As The Richmond News reports:

Lana Popham the Minister of Agriculture is now saying it directly~she is closing the barn door  on Richmond’s agricultural land speculators this Fall. Ms. Popham states “Legally limiting house sizes on protected farmland is among 13 recommendations for “immediate legislative and regulatory change. We can expect to see changes coming forward in the fall with regards to that.”

Previously, this council green-lit the development of the best agricultural lands in Canada into exclusive private estates for the very, very rich — many off-shore owned. Of course, these particular land owners receive the unintended additional benefit of a ‘super’ land-lift, as their agriculturally zoned property becomes a McMansioned playground for the well-heeled from elsewhere.

The super-rich can also build said mansions up to almost 11,000 square feet, thanks to Richmond’s Council’s previously demonstrated inability to accept the Agricultural Land Reserve’s recommendation for  5,382 square-foot dwellings built on farming properties. Even better, Richmond Council approved a further 3,200 square foot dwelling on large properties for the “help”.

Even Richmond City staff supported the Provincial recommendation of 5,382 square-foot dwellings, and quoted the late economist Richard Wozny’s analysis that showed that any square footage over this amount would warp farmland prices. But no — six Richmond councillors decided that really really big mansions were still needed, and that it was “too late” to save the best farmland in Canada.

And of course, there was so much more to this story of entitlement — the lack of a foreign buyer’s tax on this Class 1 farmland. With a nominal investment of a few thousand dollars of crops or livestock, any estate could apply for the agricultural use tax bracket. It really is, or was, the perfect scam.

Last year, the Province created an advisory committee to look at what changes should be made to the Agricultural Land Commission. A survey undertaken by the advisory committee received over 2,200 responses, with 79 per cent saying that regulation of residential uses on farmland was absolutely required. This commission was chaired by the former MLA for south Delta, the much-loved Vicki Huntington. Typical of a sadly positional approach, rookie Liberal MLA Ian Paton, who took over Ms.
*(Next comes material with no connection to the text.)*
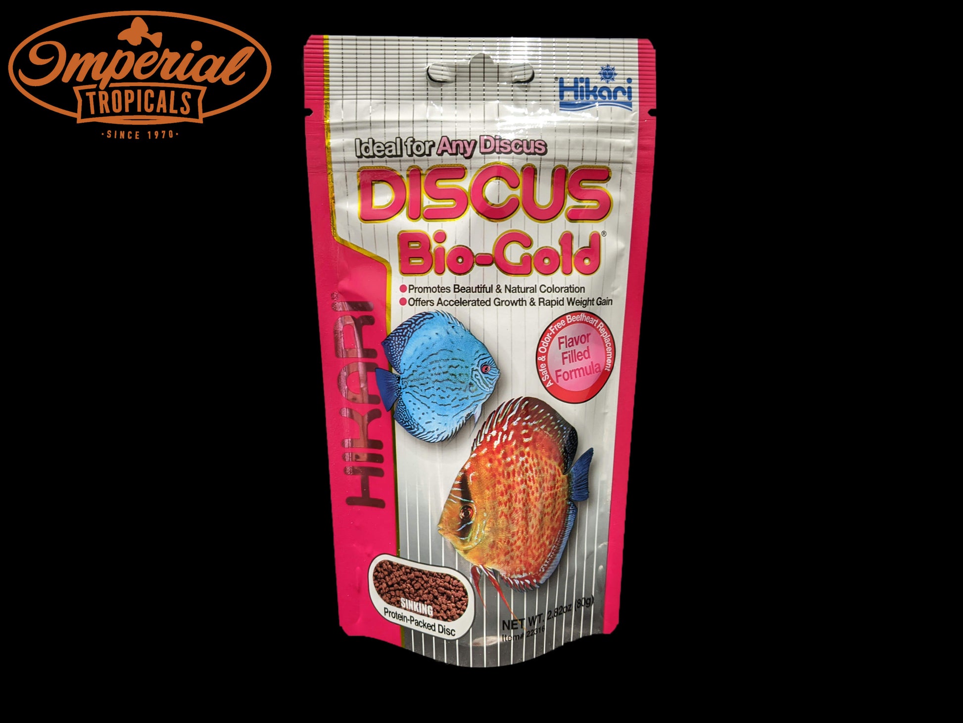 Scientifically formulated for discus, taking into account their need for higher protein levels. Additionally, discus are known to be finicky eaters by nature. The Discus Bio-Gold® granule has been manufactured to reduce the mess caused by a discus' normal eating routine and formulated with lots of natural flavor attractants to offer maximum acceptance. This diet has been used as an exclusive food for raising and breeding wild caught discus.

Huntington’s Independent seat in the legislature, whackily nit-picked at the report, saying it took consultation away from local farmers. It is all a little too close, as Mr. Paton’s father was once chair of the Agricultural Land Commission (ALC).

However, the committee ultimately recommended the ALC instead remove authority over ALR land from Richmond City Council, who were otherwise voting on the orderly approval and processing of 61 applications to turn farmland into cash developer cows. This is, therefore, a satisfying reversal for a troubling year of threats to farmland and food security, and it couldn’t have come at a better time.

While Richmond, which calls itself “The Garden City”, has been particularly complicit in shunning the regulations to create short-term developer profit, other municipalities are just as culpable for the abuse of Provincially-protected farmlands. What do mayors and councillors representing Metro Vancouver residents stand for — regional food security and the interests of future farmers, or short-term favour of the developers’ lobby?

It really is time for a much more prudent stewardship approach to local farmland, which was built over thousands of years from the Fraser River alluvial deposits, and can provide a full range of vegetables and crops for local markets.

It’s time to think not only of current developer profit but the present state and future viability of our agricultural sector, as if future generations and how they will live — and eat — in this region truly depends on it.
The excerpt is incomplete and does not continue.